While employees frequently sign arbitration agreements as part of their onboarding, when a grievance arises, they oftentimes either choose to ignore that agreement, or expect to challenge its enforceability and file suit instead. Employers are then forced to file a motion to compel arbitration to enforce that agreement. In this case, Arzate v. Ace American Insurance Company, the trial court granted the motion, enforced a class action waiver within the agreement, and stayed the action pending arbitration.

However, when neither party initiated the arbitration, the trial court found that the defendant had waived its right to arbitrate because it concluded, based on the terms of the Agreement, that the defendant (and not the plaintiff) needed to initiate the arbitration.

This is because the agreement said that the “party who wants to start the Arbitration Procedure should submit a demand…within 30 days from the court order,” and the trial court interpreted this to refer to the defendant, since the Plaintiff did not want to arbitrate and wanted, instead, to litigate the dispute in court.

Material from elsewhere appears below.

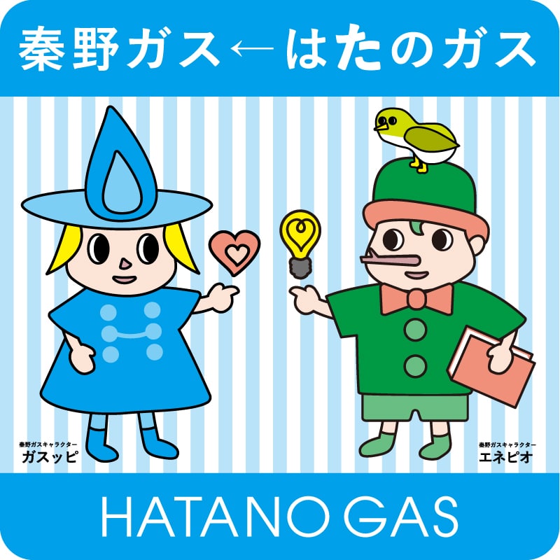 秦野ガス CLIENT:秦野ガス株式会社 車両ステッカー 秦野ガス様の車両に貼るステッカーを弊社でデザインしたガスッピとエネピオを使って制作いたしました。 コメントが違うものを25点 制作いたしました。

However, the California Court of Appeal reversed the decision, and sided with the employer’s reasonable interpretation that the party with the claim – the plaintiff employee – is the one who “wanted” the arbitration since they wanted their dispute adjudicated and litigation was not an option. Accordingly, plaintiffs must generally be the ones to initiate the arbitration. Still, employers should contact employment counsel to review their arbitration agreements, particularly if they incorporate the rules of any arbitration providers such as JAMS or AAA (as did the arbitration agreement in this case) to ensure that there is no confusion about who is required to initiate the arbitration.